После того случая вся жизнь Ивана Голикова перевернулась и изменилась. Рукопись, которую он должен был сдать в ближайшее время, он утопил там же, где утопилась бедная девушка. А к вечеру с ним случился удар, и пришлось вызывать сразу двух специалистов: врачей и психиатров. Он зашел в довольно большие долги, когда не выполнил условия контракта и будучи не в силах смириться с осознанием того обстоятельства, что он мог спасти девушку(по его мнению), Иван попал в психиатрическую больницу. Вот до какой степени тяжко он переносил происшествие!

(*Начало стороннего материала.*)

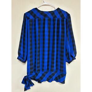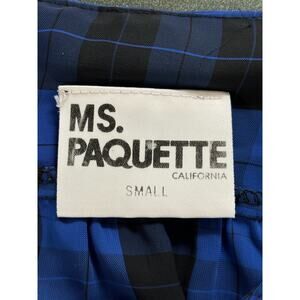 Vtg Ms. Paquette top shirt blouse blue black plaid 3/4 sleeves lightweight S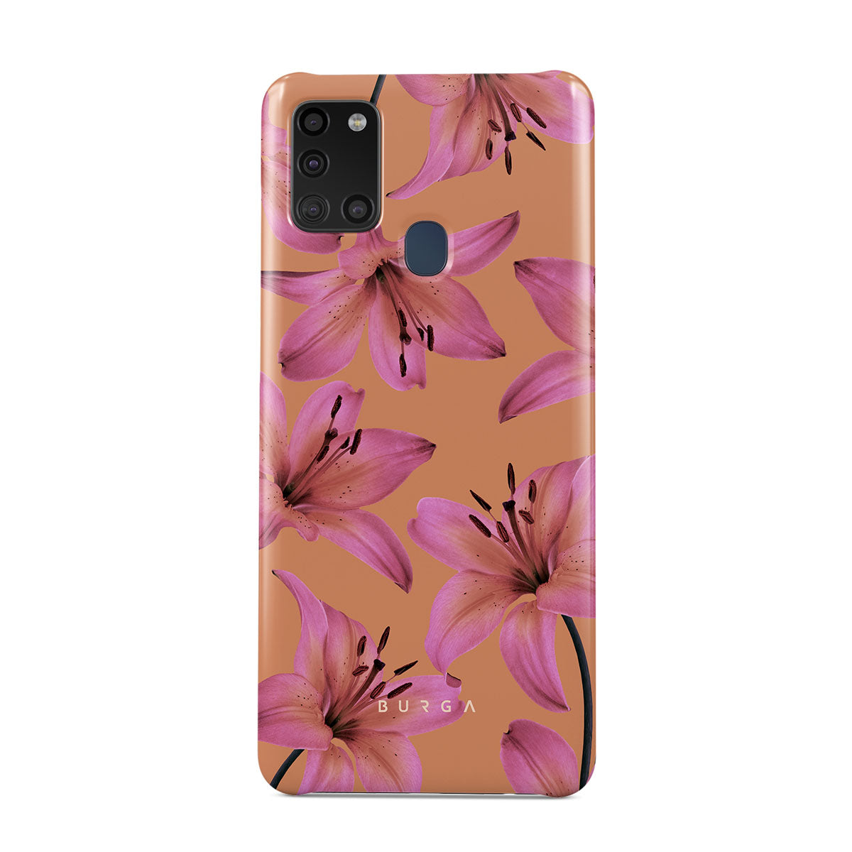 A design inspired by the effortless bloom of lilies, reflecting the beauty of embracing life's spontaneous moments. Like lilies that thrive untamed, this case reminds us to flourish in the face of change. Embodying the magic of life's unpredictable tapestry with our Eden Samsung Galaxy A21s 4G phone case.

В больнице он провел всего пару месяцев, потом оттуда его выписали и вот уже три года минуло с тех событий, а вернуться к достойной и сильной литературной деятельности у него не получается. Все его работы стали очень мрачными и помимо мрачности – не очень понятными. Потому издательства резонно отказывают Ивану Федоровичу. Отсюда и большая беднота, в которой теперь оказался писатель.
И вот, он шел к себе домой по Невскому, уже изрядно вымокнув. Луж, по которым он шлепал, писатель не замечал.
2.
- Ты что-то выбираешь? – мягко спросил Голиков.
- Нет. Я просто смотрю на то, что мне хочется. Я не могу что-то купить. Мне не на что, – ворковала маленькая девочка, лет 6-7.
- Может быть, твоя мама сможет тебе купить, как думаешь? Где она? Давай вместе попросим ее, а?
- Не получится. Моя мама умерла. Уже давно. А от папы я ушла. Я теперь одна живу, на улице.
- Одна? Девочка, ты что? Скажи, как тебя зовут? Давай я отведу тебя домой и…
- Нет! Я не хочу домой, не пойду домой! Ни за что! Он очень плохой, я его боюсь! – закричала девочка и дала понять Ивану, что из дому она ушла из-за отца. Это он плохой.
- Что ж, хорошо, ладно. Ты скажи мне, как тебя зовут? И покажи на ту булочку, которую ты хотела бы купить?
- Меня никак не зовут. Я не скажу вам мое имя, оно очень плохое, я не хочу, чтобы меня так называли.
- Хм, ну хорошо. Знаешь, что я придумал? Давай-ка мы купим тебе любые булочки, которые ты захочешь, и пойдем ко мне домой их съедим. Ты съешь. А я тебе покажу одну книжку, где ты сможешь выбрать себе новое имя? Как тебе такой вариант?
- А вы меня не обидите?
- Конечно, нет. Выбирай булочки.
- Я не знаю, какие я хочу. Я никакие не пробовала.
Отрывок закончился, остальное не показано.